--- Records provided ---

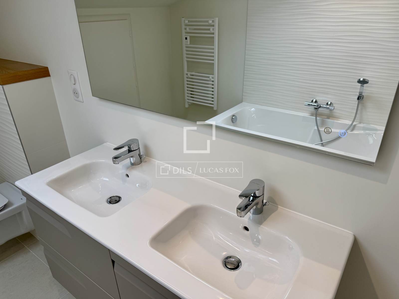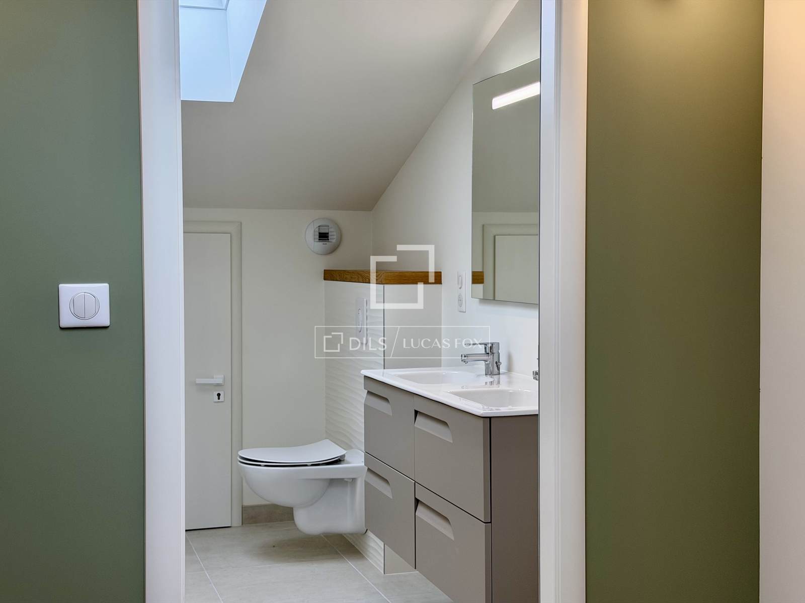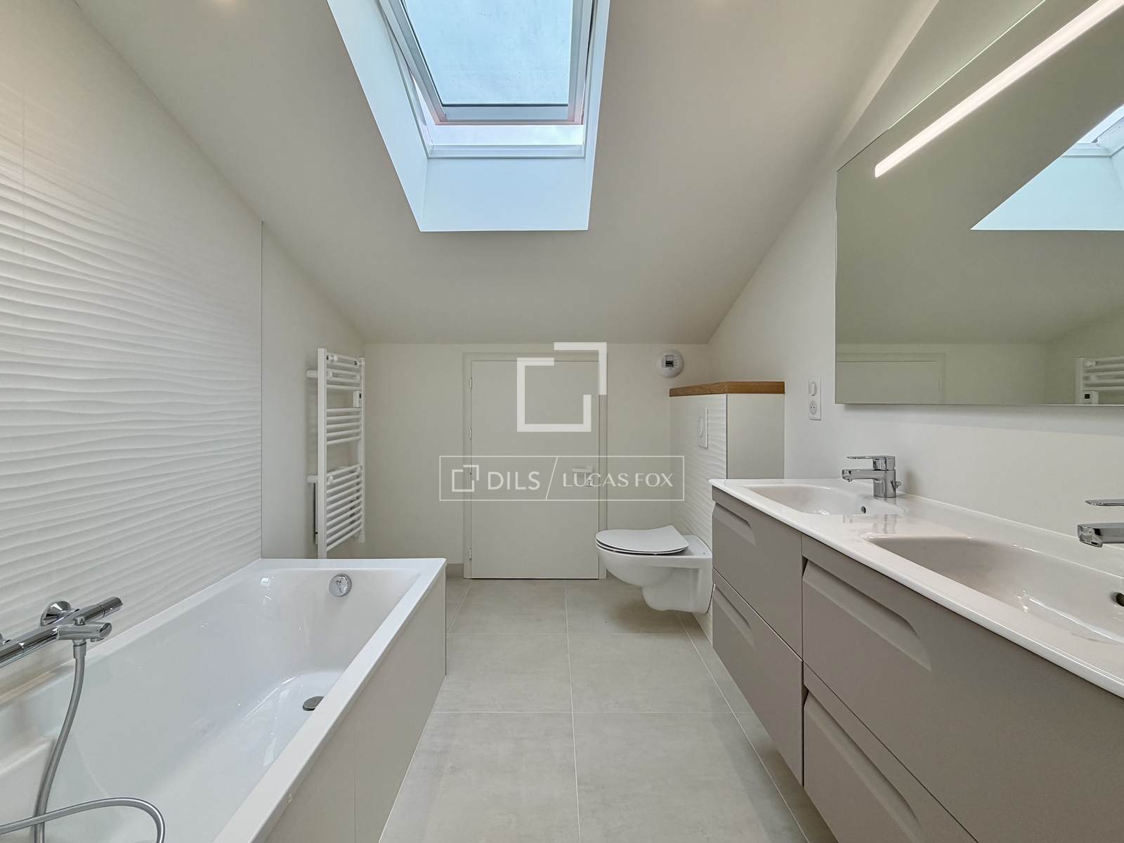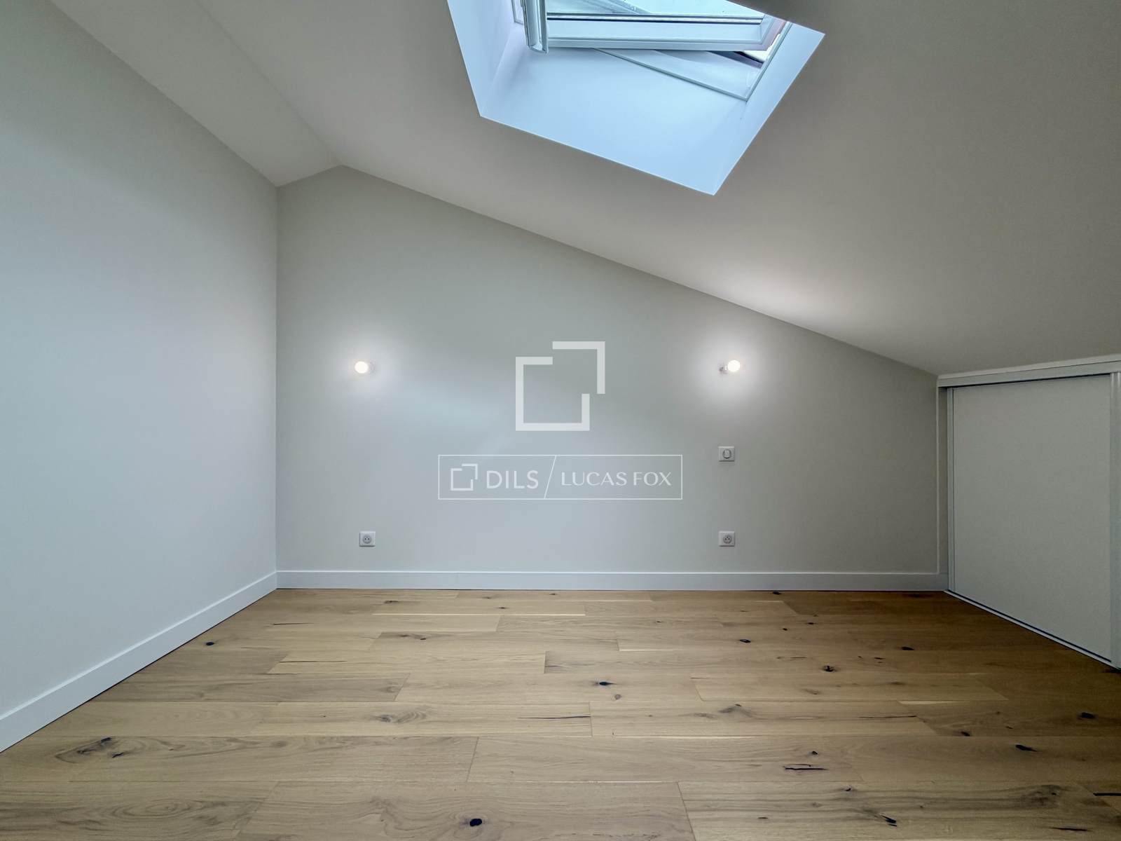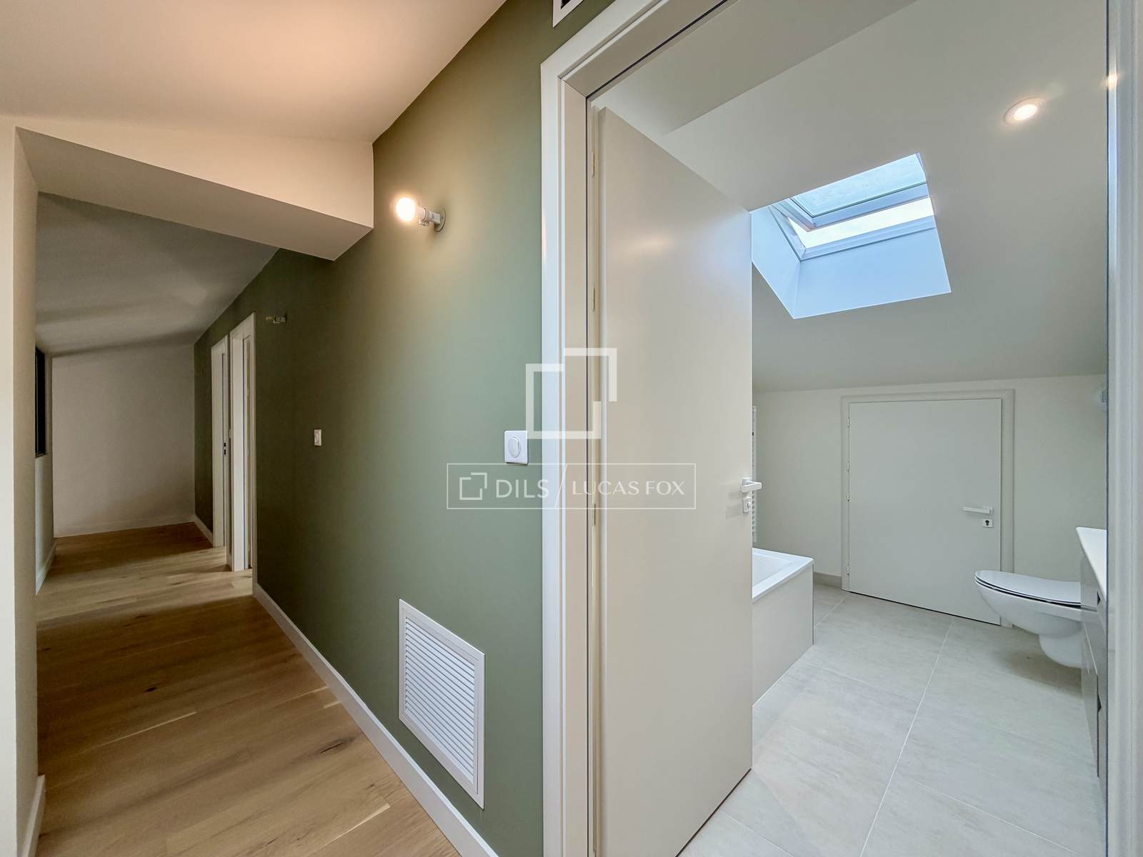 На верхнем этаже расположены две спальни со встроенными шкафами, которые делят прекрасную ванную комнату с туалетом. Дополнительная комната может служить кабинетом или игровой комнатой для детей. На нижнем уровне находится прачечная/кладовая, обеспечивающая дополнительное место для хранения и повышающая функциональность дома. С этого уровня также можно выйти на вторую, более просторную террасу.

---
--- Records provided ---

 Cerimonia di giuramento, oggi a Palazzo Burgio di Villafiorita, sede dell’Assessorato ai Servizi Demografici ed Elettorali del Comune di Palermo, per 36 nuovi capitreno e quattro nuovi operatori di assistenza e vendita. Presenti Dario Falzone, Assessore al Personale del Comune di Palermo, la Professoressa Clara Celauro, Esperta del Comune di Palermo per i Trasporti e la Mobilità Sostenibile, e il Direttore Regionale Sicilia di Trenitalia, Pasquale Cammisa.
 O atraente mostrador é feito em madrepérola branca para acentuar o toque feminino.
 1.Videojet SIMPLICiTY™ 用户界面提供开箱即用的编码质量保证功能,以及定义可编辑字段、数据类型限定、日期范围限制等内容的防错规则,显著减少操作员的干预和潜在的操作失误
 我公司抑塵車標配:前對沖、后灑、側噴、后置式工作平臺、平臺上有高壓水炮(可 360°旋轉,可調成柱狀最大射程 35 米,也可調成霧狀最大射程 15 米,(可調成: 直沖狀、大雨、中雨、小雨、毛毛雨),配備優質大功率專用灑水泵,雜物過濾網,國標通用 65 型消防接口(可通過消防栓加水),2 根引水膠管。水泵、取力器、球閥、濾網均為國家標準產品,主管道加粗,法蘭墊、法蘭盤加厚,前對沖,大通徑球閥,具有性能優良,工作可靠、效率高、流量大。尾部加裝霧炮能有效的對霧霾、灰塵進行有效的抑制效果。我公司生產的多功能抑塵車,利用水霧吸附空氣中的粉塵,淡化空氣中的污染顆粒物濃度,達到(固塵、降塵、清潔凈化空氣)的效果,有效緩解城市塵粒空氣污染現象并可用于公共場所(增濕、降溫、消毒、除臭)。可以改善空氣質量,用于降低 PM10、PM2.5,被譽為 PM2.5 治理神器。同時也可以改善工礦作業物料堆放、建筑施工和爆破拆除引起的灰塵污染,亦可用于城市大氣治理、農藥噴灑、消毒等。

---

▸ **Goal of the exercise**: Out of the material above, output word for word the line with "O atraente mostrador", the line with "我公司抑塵車標配:前對沖、后灑、側噴、后置式工作平臺、平臺上有高壓水炮(可 360°旋轉,可調成柱狀最大射程 35", and all lines between them, with nothing else.

▸ **Response to the task**:
 O atraente mostrador é feito em madrepérola branca para acentuar o toque feminino.
 1.Videojet SIMPLICiTY™ 用户界面提供开箱即用的编码质量保证功能,以及定义可编辑字段、数据类型限定、日期范围限制等内容的防错规则,显著减少操作员的干预和潜在的操作失误
 我公司抑塵車標配:前對沖、后灑、側噴、后置式工作平臺、平臺上有高壓水炮(可 360°旋轉,可調成柱狀最大射程 35 米,也可調成霧狀最大射程 15 米,(可調成: 直沖狀、大雨、中雨、小雨、毛毛雨),配備優質大功率專用灑水泵,雜物過濾網,國標通用 65 型消防接口(可通過消防栓加水),2 根引水膠管。水泵、取力器、球閥、濾網均為國家標準產品,主管道加粗,法蘭墊、法蘭盤加厚,前對沖,大通徑球閥,具有性能優良,工作可靠、效率高、流量大。尾部加裝霧炮能有效的對霧霾、灰塵進行有效的抑制效果。我公司生產的多功能抑塵車,利用水霧吸附空氣中的粉塵,淡化空氣中的污染顆粒物濃度,達到(固塵、降塵、清潔凈化空氣)的效果,有效緩解城市塵粒空氣污染現象并可用于公共場所(增濕、降溫、消毒、除臭)。可以改善空氣質量,用于降低 PM10、PM2.5,被譽為 PM2.5 治理神器。同時也可以改善工礦作業物料堆放、建筑施工和爆破拆除引起的灰塵污染,亦可用于城市大氣治理、農藥噴灑、消毒等。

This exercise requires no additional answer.